It’s your part of the cost of a claim reviewed by your insurance company. Very often when you file a claim, you pay a small part of the cost, and your insurance company pays the rest. The part you pay is called a coinsurance because you’re jointly paying for your health service with your insurance company.
Not all plans have copays to share in the cost of covered expenses. Some insurance plans may use both copays and a deductible/coinsurance, depending on the type of covered service.
A deductible is the amount you pay each year for eligible medical services or medications before your health plan begins to share in the cost of covered services. For example, if you have a $1,500 yearly deductible, you will need to pay the first $1,500 of your total eligible medical costs before your plan helps to pay.
Deductibles for family coverage and individual coverage are different. Even if your plan includes out-of-network benefits, your deductible amount will typically be much lower if you use in-network doctors and hospitals.
Depending on your insurance plan, you may have a deductible and copay. A deductible is the amount you pay for eligible medical services or medications before your health plan begins to share in the cost of covered services. If your plan includes copays, you pay the copay flat fee at the time of service (For example, at the doctor’s office). Depending on your plan, what you pay in copays may count toward meeting your deductible.
WHAT IS COINSURANCE?
Coinsurance is a portion of the medical cost you pay after your deductible has been met. Coinsurance is a way of saying that you and your insurance carrier each pay a share of eligible costs that add up to 100 percent.
For example, if your coinsurance is 20 percent, you pay 20 percent of the cost of your covered medical bills. Your health insurance plan will pay the other 80 percent. If you meet your annual deductible in June, and need an MRI in July, it is covered by coinsurance. If the covered charges for an MRI are $2,000 and your coinsurance is 20 percent, you need to pay $400 ($2,000 x 20%). Your insurance company or health plan pays the other $1,600. The higher your coinsurance percentage, the higher your share of the cost is. You are also responsible for any charges that are not covered by the health plan, such as charges that exceed the plan’s Maximum Reimbursable Charge.
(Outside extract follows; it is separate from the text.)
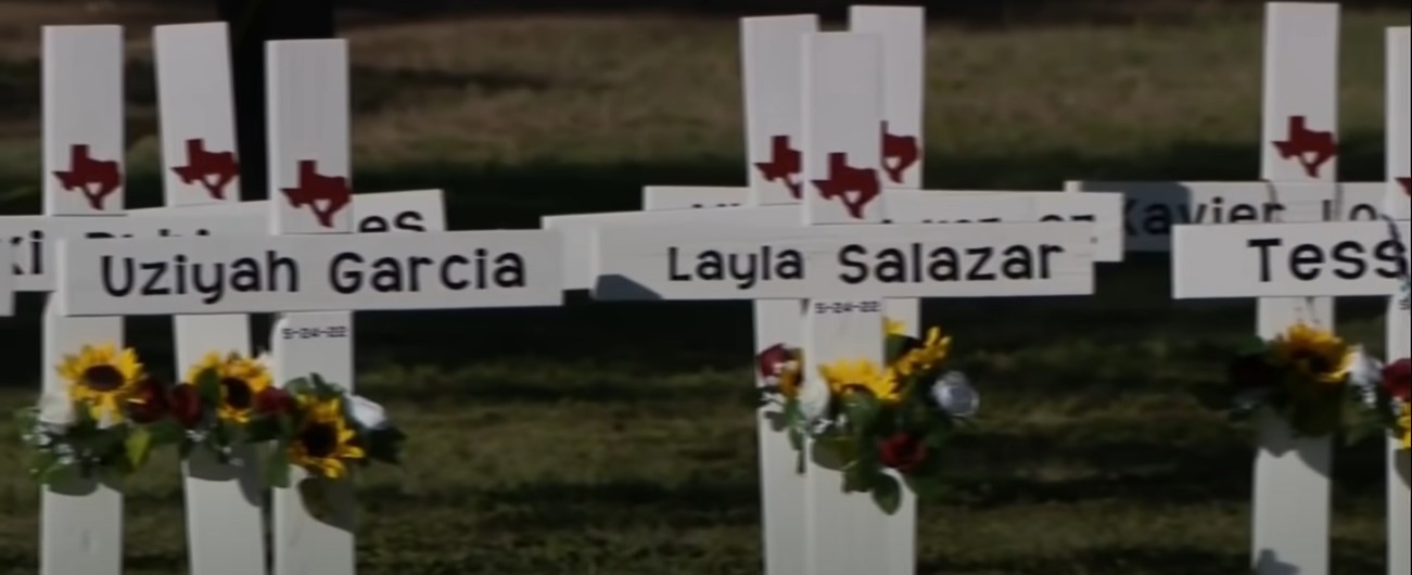 Όπως η γιαγιά της Αμερί, πολλοί κάτοικοι της Ουβάλντε είχαν συγκεντρωθεί μπροστά από το σχολείο Ρομπ, όπου 21 μικροί σταυροί από ξύλο έχουν στηθεί για τα 19 παιδιά και τις 2 δασκάλες που σκοτώθηκαν.

WHAT IS AN OUT-OF-POCKET MAXIMUM?
Out-of-pocket maximum is the most you could pay for covered medical expenses in a year. This amount includes money you spend on deductibles, copays, and coinsurance. Once you reach your annual out-of-pocket maximum, your health plan will pay your covered medical and prescription costs for the rest of the year.
Here is an example.
** You have a plan with a $3,000 annual deductible and 20% coinsurance with a $6,350 out-of-pocket maximum. You haven’t had any medical expenses all year, but then you need surgery and a few days in the hospital. That hospital bill might be $150,000.
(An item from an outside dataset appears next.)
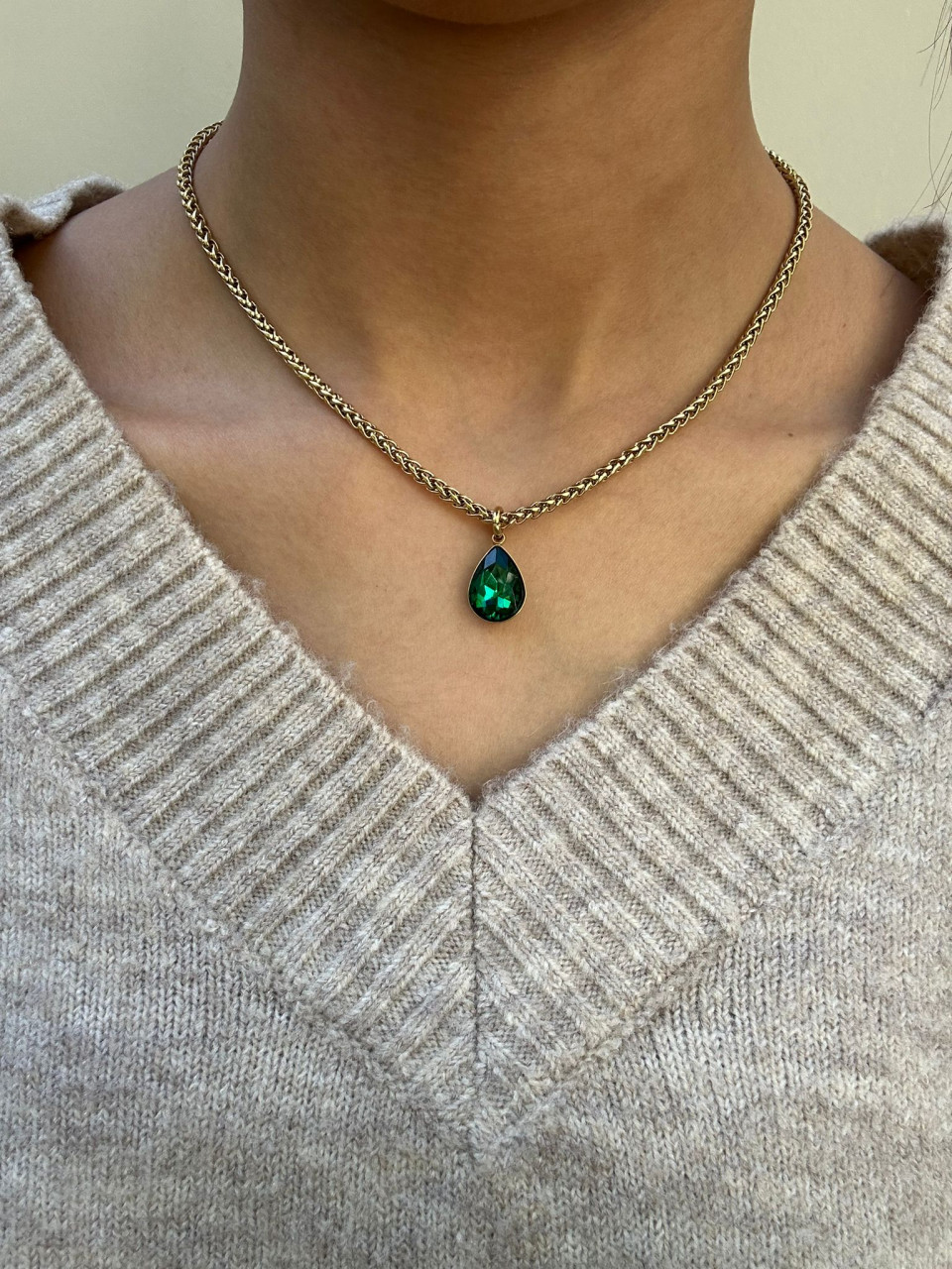 שרשרת קלועה עבה עם קריסטל ירוק בצורת טיפה בציפוי זהב

You will pay the first $3,000 of your hospital bill as your deductible. Then, your coinsurance kicks in. The health plan pays 80% of your covered medical expenses. You’ll be responsible for payment of 20% of those expenses until the remaining $3,350 of your annual $6,350 out-of-pocket maximum is met. Then, the plan covers 100% of your remaining eligible medical expenses for that calendar year.
Depending on your plan, the numbers will vary—but you get the idea. In this scenario, your $6,350 out-of-pocket maximum is much less than a $150,000 hospital bill!
I HAVE A SECONDARY INSURANCE. HOW DOES IT WORK?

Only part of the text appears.